As I drove home, still fuming, I felt ... really ... ALIVE. Puzzled, I went to where my mom lay in her bed, told her about the class and how I’d felt.
Her explanation has stuck with me: You feel alive because what you did *mattered*. Succeed or fail, at least you get to have the feeling that what you’re doing matters.
Which is NOT what I’d thought about working as a chemical engineering graduate from Caltech for a SoCal oil company, my assumed destination had I chosen to return there instead of staying home to care for my mom. That afternoon, after asking one question to each of my teacher-parents (“knowing what you know now, would you still have gone into teaching?” Yes.), I chose my lifelong occupation.
And it rewarded me no end. I don’t mean the handful of plaques for my work, or trophies from band contests, or even salary. I mean the literally thousands of young men and women who it has been my pleasure and privilege to instruct in life basics 101, Smith style. Oh, and an F# is second finger.
To all my kids who are no longer kids, thank you. (And I know we aren’t supposed to have favorites, but I’d take my Kuna class of ‘99 back in a heartbeat....)

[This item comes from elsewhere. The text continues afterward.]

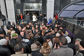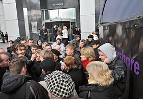 Очередь желающих продать акции компании "Норильский никель" у офиса компании Computershare.

A month of thanks. No different than any other month, except that it’s on this blog for a change. It’s November. Go figure.

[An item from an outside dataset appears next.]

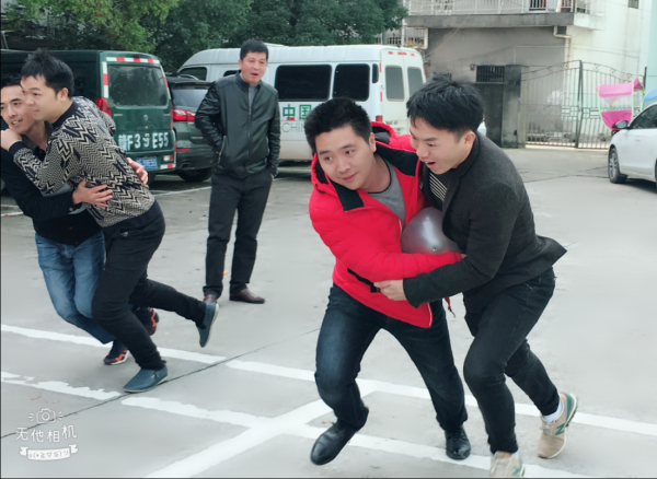 當(dāng)天下午2點,活動正式開始?!皭鄣谋ПА眱扇藶橐魂牐瑑扇嘶ハ鄵肀阎袣馇?,每兩隊進(jìn)行比拼,要求懷中氣球不能掉落,不能擠爆,不能用手抓氣球,先帶球過線的一隊獲勝。活動不但需要員工互相控制力道、控制平衡,更是考驗各位員工的團(tuán)隊協(xié)作和配合。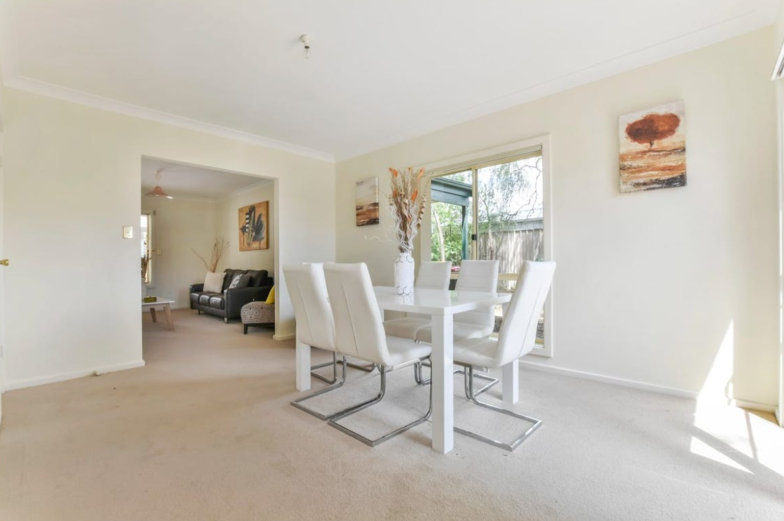 - Bright open-plan living and dining area with neutral tones and easy-care flooring

Nov 19. I am thankful for the Internet and the worldwide media connections it creates. Because of such, I developed an interest in Japanese marching bands, the Canadian CFL, Brazilian music (and occasionally women), and most importantly Australian Rules Football (hereinafter referenced as “footy”).
Footy has been my sporting life blood for about 5-7 years now, although I’ve watched it for more than fifteen, thanks to getting Fox Soccer channel for a couple of years in Payette. Wendy and the boys would go to sleep, and I’d watch the game of the week at 11 pm or so Saturday nights, and then the highlights show on Wednesdays. Developed my first taste during the Brisbane Lions’ three peat in 2001-3, had an enforced hiatus for a few years, and re-caught the bug a couple of years later, watching the Swans/West Coast grand finals, Geelong’s three titles, and when live radio of every game became a thing about six years back or so, I began spending my Fri/Sat over nights for six months a year sleeping with the Internet radio on softly, so as not to wake Melissa first and later any children who might be up. (Dana swears she sleeps through anything, but it stays soft just in case.)

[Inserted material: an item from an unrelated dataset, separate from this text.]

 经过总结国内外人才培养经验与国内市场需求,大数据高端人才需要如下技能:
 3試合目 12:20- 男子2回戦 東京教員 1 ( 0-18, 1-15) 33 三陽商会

And having followed it semi-religiously, I’ve become enough of an authority that I write opinion pieces about footy for Australian readers! The Roar is an online sports mag down under which I write for (footy AND American college football), and the major footy source in the country, afl.com.au, is considering bringing me in as a “foreign correspondent for next season! Can you imagine any of that happening in the pre-Internet world?
(The funniest part of writing for Australia is that my editor has to correct my Yankee spelling! Think about the way the British spell, and you’re not far wrong.)